The authors report that after 6 months, the decrease (1.83 (+ 2.43)ng/mL) in AMH level was higher in the metformin group than in the DLBS3233 group, which reported a nonsignificant decrease of 1.15 (+ 2.60) ng/mL (P=0.003). Nausea was reported by 35% of patients in the metformin group; subjects in the DLBS3233 group experienced minimal side effects overall (P = 0.01) and no nausea (P=0.006). Other adverse effects reported in the metformin group included diarrhea, vomiting, headache, and flu-like symptoms. Minimal adverse effects were reported in the DLBS3233 group, resulting in a significant overall between-group difference in the occurrence of adverse effects (P=0.01). Of the 38 subjects in the study, 7 subjects conceived naturally, 5 in the metformin group and 2 in the DLBS3233 group conceived naturally during the study. Upon confirmation of pregnancy, AMH levels were measured and the study treatment was discontinued. In the DLBS3233 group only, a significant decrease was observed in body mass index (BMI) (P=0.017). No significant change in BMI was observed in the subjects who received metformin.

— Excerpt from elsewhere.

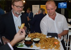 Links Francis Vanrusselt is inkoper van grondstoffen, transport en verpakkingen bij Lamb Weston-Meijer VOF. Rechts Cees Butter van AB Texel, Butter Group en A-ware Logistics. Deze bedrijven hebben onlangs hun krachten gebundeld.
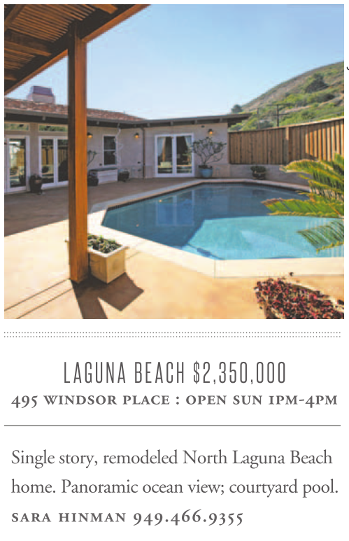Single story, remodeled North Laguna Beach home. Panoramic ocean view; courtyard pool. sara hinman 949.466.9355

How insulin-sensitizing agents such as metformin decrease AMH levels is unclear, say the authors. In earlier studies, investigators report that metformin therapy improved insulin resistance and polycystic ovarian morphology1 and led to a decrease in AMH levels, follicle number, and ovarian volume2 in patients with PCOS. Specifically, previous research involving PCOS shows that high levels of AMH desensitize follicles to follicle-stimulation hormone (FSH), potentially arresting folliculogenesis. Conversely, suppressing AMH often restores the response of follicles to FSH.
The authors conclude that "both metformin and DLBS3233 could decrease the serum level of AMH," pointing out that "DLBS3233 showed fewer side effects compared to metformin." Limitations of this study include the small number of patients enrolled in the study, the high dropout rate of 25%, and the lack of an investigation of the mechanism of action of DLBS3233 in reducing AMH levels.
1Bayrak A, Terbell H, Urwitz-Lane R, Mor E, Stanczyk FZ, Paulson RJ. Acute effects of metformin therapy include improvement of insulin resistance and ovarian morphology. Fertil Steril. 2007;87(4):870-875.2Piltonen T, Morin-Papunen L, Koivunen R, Perheentupa A, Ruokonen A, Tapanainen JS. Serum anti-Mullerian hormone levels remain high until late reproductive age and decrease during metformin therapy in women with polycystic ovary syndrome. Hum Reprod. 2005;20(7):1820-1826.